For each byte you access, you spend 1 energy unit (a bit costs 1/8 energy).

The program that uses the least energy wins.

Arrays cost the sum of all their variables. Strings and other non-fixed-length variables/arrays are prohibited, as your bot will be unable to calculate how much energy it spent. (Recursion is prohibited too!)

The riddle is weird, it changes after a while, so your bot must not hardcode the answer.

The riddle is a mathematical challenge:

We shall input you with 3 variables, and they are free, but you shall not change them.

For these 3 inputs, a, b and c, thou shalt calculate an integer p equivalent to floor(pi * 10^(c-1)), then you shall calculate x = a!/b!. Then you shall add to x the integer p. If and only if c is greater than x, you shall yell Pi!!!!

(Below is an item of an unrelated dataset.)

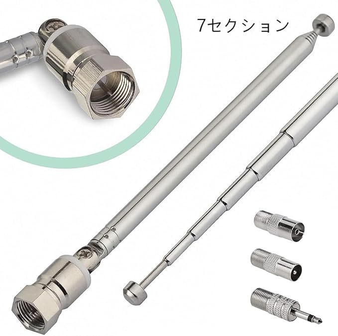 【製品名】Fヘッド伸縮式アンテナ4個セット(Fメスイヤホンヘッド、FメスTVヘッド、FメスTVマザーを付属)。展開セクション数:7セクション。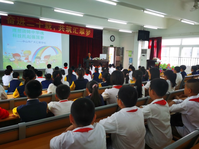 为扎实而有效地开展《爱党爱国爱科学,争当新时代好少年》主题教育活动,培育新一代有梦想的青少年,中山市广大汇翠学校特邀坦洲镇关工委“五老”讲师团成员之一的李桂华老师到校进行《理想浇铸中华魂,科技托起强国梦》主题教育讲座。

a, b and c are integers smaller than the number 13.

Example: for a = 5, b = 4, and c = 3, calculate 5!/4! + 314. as x = 5, and c = 3, don't yell Pi!!!!

Once finished calculating, your bot should output the answer. The input can be either in form of calling a function or the user typing a number when prompted.

If 2 bots have the same energy spending, the shortest code wins.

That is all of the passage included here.